Andrei Ujică points out in an interview that Ceauşescu was a peasant who spent a full seven of his earliest years in prison, which strengthened his intense, simple belief in communist ideology (he changed the country's official title from "socialist" to "communist." His pep talks about communism's virtues are without depth but enthusiastic, and he always has then at the ready. In speech-making he holds a sheet of paper up in the air in front of him but speaks without looking at it. This also reflects the fact that he can say whatever he wants. He is repeatedly renominated and reelected by the party by acclamation. Once, toward the end, an official manages to protest before a large party audience at the boss's being nominated for the central committee and thereby guaranteeing his own releection, but there is a roar of disapproval, a standing ovation, chants of Ceauşeacu's name: "Reelect! Reelect!" Where are the dissenters? Where are the planners of the coup? We don't get to see them. They're behind a wall of propaganda and monuments of Stalinist wedding-cake architecture. This film mesmerizes us with that wall. But we don't believe it. We know this is a long, careful charade.

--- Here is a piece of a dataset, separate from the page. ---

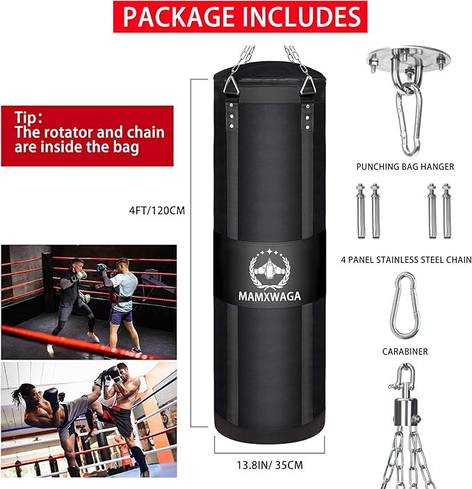 - 360° Swivel Steel-Hanger: 360° swivel Hanger allows the bag to rotate freely without knotting after impact. Equipped with 4 expansion bolts and a carabiner, easy to assemble, it can hold up to 1200LB!

A charade bought into by East and West. Besides state visits to China, some gleeful, Nixon came calling, and so did De Gaulle (in a Caravalle), and Ceauşescu stayed at Buckingham Palace and when Jimmy Carter received him in one of his four visits to Washington he called him "a great leader of a great country." His regime was more open toward the West than other communist countries, and we get glimpses of that.

When on domestic official tours, Ceauşescu often surveys wreckage, floods, acres of mud; but indoors, he gazes on vast miniaturized models of perfect, pastry-white cities. On indoor tours, he visits big food shops packed with goods and picks up loaves of bread. "The crust is too thick," he says, or "the quality is better outside the capital." The packed shops are a front. The empty ones aren't photographed. By what we see, we know what is hidden. The indifference to what was really going on in the country was going to catch up with Ceauşescu and lead to his execution (not included here).

Ceauşescu, Ujică says in the interview, was "like a peasant who suddenly became a great landlord." In private life he was exemplary, except for avarice: in his last years he kept up to 30% of the country's GNP for himself when the country was barely growing. All he was doing was hunting deer and bears and building palaces. Informal footage shows he and his wife were both terrible at volleyball and she was a sloppy swimmer. Could he do anything well? Yes, he could endure. He looked good in suits and overcoats and scarves and hunting tweeds. His hair was combed. His speeches were sprightly. He stayed there.

The minor Eastern Bloc regimes were vast events that were essentially non-events. Ujică celebrates that fact in this aesthetically pure exploration of the vast, epic emptiness and empty-headedness that is the life of a tyrannical head of state.

Shown at Cannes, where it had its world premiere, and other festivals, this was seen and reviewed as a Special Event of the New York Film Festival 2010 at Lincoln Center. I dare you to sit through it.